_WHAT TO PRODUCE:_
Beginning at the line that holds "- Переконайтеся, що", repeat every line through the last line of the material, exactly, and drop any pictures.

_INPUT DATA:_
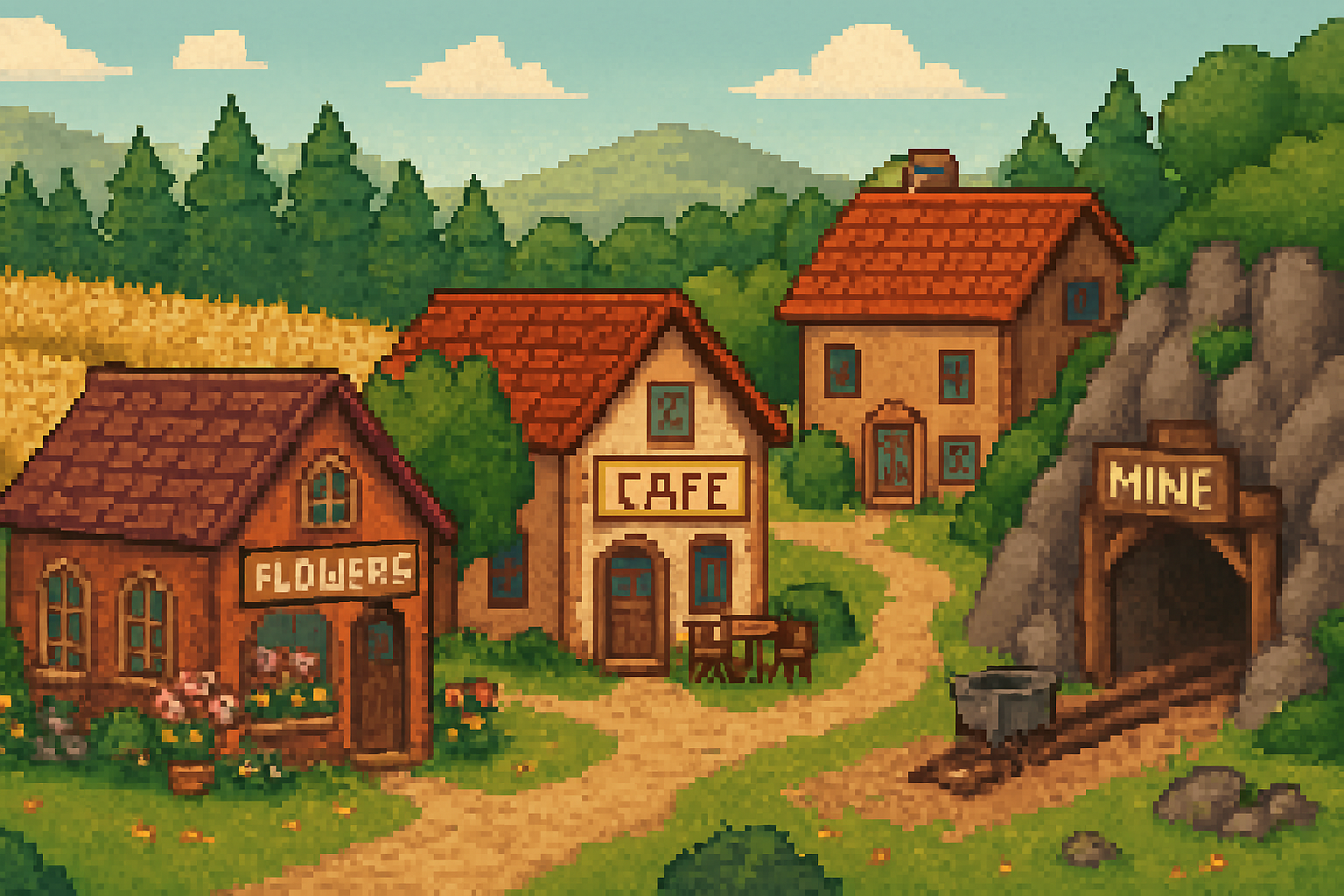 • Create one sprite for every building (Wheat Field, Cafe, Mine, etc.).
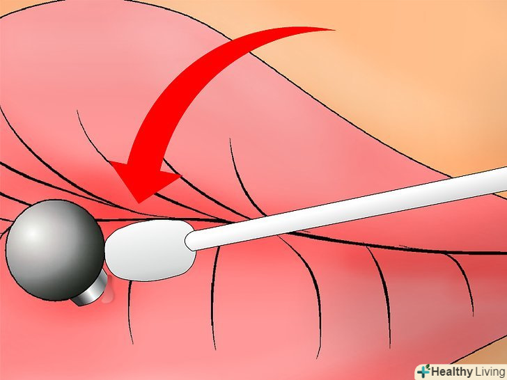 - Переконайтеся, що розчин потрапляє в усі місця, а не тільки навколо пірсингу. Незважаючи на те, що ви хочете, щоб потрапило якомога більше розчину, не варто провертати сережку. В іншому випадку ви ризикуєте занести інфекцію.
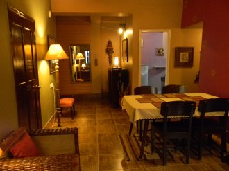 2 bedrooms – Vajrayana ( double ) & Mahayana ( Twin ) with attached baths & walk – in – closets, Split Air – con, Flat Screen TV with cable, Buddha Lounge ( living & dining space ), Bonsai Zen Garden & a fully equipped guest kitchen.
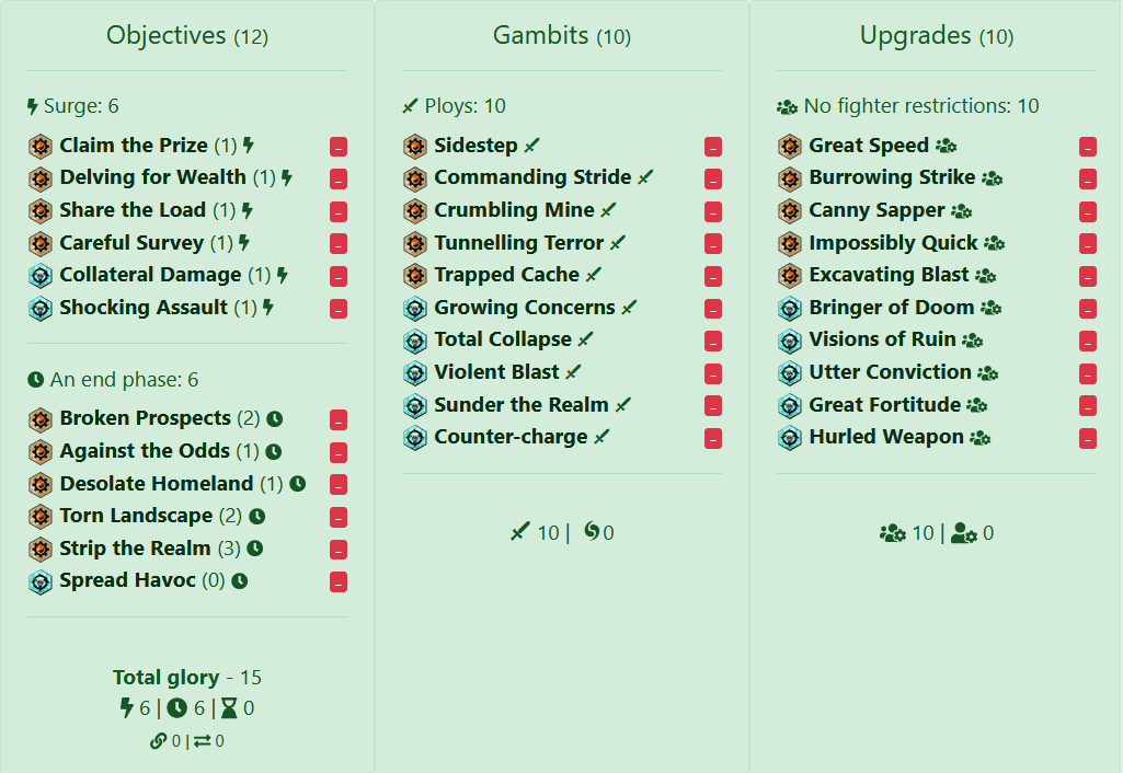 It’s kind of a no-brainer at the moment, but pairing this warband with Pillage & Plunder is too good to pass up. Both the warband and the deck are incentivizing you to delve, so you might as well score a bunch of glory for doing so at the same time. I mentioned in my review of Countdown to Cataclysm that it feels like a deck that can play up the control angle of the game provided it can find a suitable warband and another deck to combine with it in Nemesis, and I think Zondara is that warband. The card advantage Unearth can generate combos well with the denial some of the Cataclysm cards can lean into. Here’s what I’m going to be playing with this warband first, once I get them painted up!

_RESULT BELOW:_
 - Переконайтеся, що розчин потрапляє в усі місця, а не тільки навколо пірсингу. Незважаючи на те, що ви хочете, щоб потрапило якомога більше розчину, не варто провертати сережку. В іншому випадку ви ризикуєте занести інфекцію.
 2 bedrooms – Vajrayana ( double ) & Mahayana ( Twin ) with attached baths & walk – in – closets, Split Air – con, Flat Screen TV with cable, Buddha Lounge ( living & dining space ), Bonsai Zen Garden & a fully equipped guest kitchen.
 It’s kind of a no-brainer at the moment, but pairing this warband with Pillage & Plunder is too good to pass up. Both the warband and the deck are incentivizing you to delve, so you might as well score a bunch of glory for doing so at the same time. I mentioned in my review of Countdown to Cataclysm that it feels like a deck that can play up the control angle of the game provided it can find a suitable warband and another deck to combine with it in Nemesis, and I think Zondara is that warband. The card advantage Unearth can generate combos well with the denial some of the Cataclysm cards can lean into. Here’s what I’m going to be playing with this warband first, once I get them painted up!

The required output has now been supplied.